== Records for the task ==

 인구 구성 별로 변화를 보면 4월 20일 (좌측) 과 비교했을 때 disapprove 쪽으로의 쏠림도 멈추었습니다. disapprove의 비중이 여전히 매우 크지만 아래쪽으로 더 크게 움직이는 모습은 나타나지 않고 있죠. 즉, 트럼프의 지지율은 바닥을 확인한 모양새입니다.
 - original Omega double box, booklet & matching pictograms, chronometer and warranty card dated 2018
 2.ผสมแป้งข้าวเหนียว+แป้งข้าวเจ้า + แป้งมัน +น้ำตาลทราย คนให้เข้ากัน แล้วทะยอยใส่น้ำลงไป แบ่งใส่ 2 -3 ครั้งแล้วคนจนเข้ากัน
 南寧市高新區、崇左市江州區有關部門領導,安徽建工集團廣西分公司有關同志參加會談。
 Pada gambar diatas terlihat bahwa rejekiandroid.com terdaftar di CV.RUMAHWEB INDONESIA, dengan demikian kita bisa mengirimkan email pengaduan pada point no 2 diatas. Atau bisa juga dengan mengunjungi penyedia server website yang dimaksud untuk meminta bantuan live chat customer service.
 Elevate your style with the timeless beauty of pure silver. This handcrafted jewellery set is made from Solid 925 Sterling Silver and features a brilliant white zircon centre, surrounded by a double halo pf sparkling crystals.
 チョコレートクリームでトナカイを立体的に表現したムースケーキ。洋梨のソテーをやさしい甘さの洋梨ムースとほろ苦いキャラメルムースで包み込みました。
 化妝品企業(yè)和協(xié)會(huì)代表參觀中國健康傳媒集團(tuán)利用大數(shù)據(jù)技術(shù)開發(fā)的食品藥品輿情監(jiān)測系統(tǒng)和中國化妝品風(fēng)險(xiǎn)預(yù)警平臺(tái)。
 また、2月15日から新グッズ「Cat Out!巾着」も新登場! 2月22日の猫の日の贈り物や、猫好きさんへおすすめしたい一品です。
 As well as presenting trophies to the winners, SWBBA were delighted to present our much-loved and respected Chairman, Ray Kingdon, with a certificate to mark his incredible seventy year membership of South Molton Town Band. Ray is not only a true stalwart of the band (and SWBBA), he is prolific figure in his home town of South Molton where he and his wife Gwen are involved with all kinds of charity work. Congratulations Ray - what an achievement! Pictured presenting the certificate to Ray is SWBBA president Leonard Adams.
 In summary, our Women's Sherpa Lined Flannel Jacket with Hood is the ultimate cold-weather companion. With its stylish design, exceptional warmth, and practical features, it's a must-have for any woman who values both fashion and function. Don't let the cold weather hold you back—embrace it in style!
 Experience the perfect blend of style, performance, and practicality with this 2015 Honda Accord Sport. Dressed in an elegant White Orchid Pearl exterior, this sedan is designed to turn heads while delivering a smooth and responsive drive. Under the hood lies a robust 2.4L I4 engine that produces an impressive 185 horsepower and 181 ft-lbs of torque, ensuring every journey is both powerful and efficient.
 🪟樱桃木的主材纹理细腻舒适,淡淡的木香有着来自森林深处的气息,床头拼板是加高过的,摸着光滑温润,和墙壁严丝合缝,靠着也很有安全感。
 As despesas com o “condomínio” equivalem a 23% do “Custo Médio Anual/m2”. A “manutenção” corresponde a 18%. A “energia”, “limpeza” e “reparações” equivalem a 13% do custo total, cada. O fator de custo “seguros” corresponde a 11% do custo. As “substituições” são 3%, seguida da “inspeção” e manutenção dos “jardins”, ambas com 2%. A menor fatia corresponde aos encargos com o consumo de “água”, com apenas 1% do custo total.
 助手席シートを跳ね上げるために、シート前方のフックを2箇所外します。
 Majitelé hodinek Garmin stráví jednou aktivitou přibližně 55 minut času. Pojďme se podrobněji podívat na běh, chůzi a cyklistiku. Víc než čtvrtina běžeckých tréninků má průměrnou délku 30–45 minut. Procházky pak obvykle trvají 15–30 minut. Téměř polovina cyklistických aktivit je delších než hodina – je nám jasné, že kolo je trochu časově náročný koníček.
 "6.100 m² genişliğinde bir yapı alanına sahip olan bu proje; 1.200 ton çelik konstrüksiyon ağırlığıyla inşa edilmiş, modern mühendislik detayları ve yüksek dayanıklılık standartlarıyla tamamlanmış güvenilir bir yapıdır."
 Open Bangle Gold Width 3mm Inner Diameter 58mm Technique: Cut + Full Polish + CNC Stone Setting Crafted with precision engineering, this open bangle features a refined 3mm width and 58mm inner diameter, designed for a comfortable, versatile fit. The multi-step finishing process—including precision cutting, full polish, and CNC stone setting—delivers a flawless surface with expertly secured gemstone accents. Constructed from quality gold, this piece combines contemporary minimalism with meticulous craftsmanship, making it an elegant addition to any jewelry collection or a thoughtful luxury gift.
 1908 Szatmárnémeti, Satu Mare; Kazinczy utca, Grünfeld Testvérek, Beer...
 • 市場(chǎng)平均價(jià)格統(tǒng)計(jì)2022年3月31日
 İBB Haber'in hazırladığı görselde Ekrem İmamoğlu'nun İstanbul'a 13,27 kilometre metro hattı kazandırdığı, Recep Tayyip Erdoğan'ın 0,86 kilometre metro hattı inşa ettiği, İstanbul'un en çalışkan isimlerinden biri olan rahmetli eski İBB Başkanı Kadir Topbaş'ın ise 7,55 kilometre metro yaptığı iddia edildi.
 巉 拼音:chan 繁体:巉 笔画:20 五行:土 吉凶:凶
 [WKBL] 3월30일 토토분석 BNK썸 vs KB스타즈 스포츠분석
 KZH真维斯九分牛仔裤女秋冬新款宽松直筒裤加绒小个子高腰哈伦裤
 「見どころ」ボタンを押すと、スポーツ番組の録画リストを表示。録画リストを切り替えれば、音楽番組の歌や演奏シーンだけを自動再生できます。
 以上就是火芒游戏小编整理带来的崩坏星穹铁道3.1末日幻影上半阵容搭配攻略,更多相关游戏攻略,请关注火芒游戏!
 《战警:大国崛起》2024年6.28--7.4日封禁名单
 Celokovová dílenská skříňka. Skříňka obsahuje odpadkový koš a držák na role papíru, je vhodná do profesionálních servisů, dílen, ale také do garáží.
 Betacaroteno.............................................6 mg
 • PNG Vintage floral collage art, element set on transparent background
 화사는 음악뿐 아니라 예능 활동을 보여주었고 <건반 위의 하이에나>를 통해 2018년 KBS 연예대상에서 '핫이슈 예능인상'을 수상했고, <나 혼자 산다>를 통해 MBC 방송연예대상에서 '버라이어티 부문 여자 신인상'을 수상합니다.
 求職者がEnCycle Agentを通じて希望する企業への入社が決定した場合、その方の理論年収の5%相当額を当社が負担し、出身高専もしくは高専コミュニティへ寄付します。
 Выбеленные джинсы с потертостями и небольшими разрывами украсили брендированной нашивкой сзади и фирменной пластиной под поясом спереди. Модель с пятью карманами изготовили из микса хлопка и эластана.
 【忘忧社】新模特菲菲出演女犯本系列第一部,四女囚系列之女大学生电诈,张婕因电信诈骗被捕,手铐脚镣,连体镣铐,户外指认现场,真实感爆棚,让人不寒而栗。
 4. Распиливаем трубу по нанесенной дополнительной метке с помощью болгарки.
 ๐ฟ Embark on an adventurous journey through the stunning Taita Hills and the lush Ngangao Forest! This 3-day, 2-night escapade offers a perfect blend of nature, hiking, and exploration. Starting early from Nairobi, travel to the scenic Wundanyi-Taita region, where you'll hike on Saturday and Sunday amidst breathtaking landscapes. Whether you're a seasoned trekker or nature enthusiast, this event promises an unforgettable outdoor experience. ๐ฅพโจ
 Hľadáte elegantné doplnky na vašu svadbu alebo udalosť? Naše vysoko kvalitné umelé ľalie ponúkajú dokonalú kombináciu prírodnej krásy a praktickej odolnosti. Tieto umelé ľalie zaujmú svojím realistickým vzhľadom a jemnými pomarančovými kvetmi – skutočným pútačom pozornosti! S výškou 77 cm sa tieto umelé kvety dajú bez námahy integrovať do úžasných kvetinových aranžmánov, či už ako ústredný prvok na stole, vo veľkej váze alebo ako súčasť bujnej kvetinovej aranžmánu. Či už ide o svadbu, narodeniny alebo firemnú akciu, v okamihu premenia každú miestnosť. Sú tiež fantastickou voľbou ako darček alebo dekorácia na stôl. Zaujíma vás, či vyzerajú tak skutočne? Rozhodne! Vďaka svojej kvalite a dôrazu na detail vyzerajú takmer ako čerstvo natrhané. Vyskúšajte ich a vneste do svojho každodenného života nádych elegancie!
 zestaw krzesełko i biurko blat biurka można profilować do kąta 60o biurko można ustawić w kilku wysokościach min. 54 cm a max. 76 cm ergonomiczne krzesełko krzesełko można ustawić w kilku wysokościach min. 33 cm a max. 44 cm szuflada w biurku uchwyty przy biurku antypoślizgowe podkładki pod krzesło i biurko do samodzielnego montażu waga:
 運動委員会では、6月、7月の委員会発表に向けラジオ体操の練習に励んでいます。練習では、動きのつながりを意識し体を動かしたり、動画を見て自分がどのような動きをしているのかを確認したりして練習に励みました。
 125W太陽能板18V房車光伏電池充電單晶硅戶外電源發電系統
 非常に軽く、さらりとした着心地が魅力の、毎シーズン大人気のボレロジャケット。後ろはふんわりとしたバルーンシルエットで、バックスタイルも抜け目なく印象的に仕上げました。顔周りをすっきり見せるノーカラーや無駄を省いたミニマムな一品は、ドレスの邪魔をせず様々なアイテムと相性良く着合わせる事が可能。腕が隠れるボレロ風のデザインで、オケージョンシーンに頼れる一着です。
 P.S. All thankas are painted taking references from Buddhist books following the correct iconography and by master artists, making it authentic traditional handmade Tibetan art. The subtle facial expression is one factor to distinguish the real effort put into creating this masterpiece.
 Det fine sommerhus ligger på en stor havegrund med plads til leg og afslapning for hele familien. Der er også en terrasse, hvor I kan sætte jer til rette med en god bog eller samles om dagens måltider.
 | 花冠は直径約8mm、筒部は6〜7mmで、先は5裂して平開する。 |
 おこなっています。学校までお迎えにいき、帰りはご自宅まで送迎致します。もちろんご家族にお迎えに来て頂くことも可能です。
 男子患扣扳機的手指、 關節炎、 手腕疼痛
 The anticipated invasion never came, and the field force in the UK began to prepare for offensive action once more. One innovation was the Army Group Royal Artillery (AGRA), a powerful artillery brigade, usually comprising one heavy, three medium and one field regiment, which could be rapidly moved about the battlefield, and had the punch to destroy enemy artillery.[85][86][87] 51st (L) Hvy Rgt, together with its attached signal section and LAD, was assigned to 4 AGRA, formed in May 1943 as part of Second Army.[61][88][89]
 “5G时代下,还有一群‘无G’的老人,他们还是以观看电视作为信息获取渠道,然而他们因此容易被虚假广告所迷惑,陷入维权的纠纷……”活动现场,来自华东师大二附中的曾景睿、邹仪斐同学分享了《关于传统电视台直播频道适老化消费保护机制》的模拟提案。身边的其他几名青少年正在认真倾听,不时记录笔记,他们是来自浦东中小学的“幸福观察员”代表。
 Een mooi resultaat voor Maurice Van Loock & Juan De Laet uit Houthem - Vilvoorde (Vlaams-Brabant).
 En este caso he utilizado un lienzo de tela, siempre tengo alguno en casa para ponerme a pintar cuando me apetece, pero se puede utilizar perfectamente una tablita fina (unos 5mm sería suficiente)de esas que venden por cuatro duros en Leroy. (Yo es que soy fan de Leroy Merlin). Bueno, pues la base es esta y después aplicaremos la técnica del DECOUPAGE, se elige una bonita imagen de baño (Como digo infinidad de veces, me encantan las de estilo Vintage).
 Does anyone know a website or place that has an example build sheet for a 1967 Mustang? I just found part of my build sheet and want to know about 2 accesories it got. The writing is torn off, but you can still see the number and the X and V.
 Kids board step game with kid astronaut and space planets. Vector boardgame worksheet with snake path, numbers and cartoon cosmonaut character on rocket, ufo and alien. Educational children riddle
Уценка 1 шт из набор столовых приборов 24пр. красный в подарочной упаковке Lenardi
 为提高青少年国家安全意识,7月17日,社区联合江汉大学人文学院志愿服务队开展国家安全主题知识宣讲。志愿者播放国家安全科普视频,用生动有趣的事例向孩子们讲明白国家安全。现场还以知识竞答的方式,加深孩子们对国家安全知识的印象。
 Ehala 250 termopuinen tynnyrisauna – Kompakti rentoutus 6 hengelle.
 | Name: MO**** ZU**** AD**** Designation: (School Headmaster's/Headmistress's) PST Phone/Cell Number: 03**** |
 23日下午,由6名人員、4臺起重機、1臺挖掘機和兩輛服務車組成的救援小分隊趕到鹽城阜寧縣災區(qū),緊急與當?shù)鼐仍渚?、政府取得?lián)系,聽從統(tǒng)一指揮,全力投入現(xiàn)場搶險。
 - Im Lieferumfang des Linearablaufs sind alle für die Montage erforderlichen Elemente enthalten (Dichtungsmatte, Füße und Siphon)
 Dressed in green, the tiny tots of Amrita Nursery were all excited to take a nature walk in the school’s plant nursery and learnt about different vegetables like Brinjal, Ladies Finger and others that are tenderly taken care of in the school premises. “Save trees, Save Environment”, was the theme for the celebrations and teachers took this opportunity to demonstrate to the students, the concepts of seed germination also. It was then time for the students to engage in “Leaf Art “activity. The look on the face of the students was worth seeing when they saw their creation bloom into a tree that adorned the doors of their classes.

===

• [What is required]: Wherever "double" turns up in the records, copy the whole line.

• [Task solution]:
 - original Omega double box, booklet & matching pictograms, chronometer and warranty card dated 2018
 Elevate your style with the timeless beauty of pure silver. This handcrafted jewellery set is made from Solid 925 Sterling Silver and features a brilliant white zircon centre, surrounded by a double halo pf sparkling crystals.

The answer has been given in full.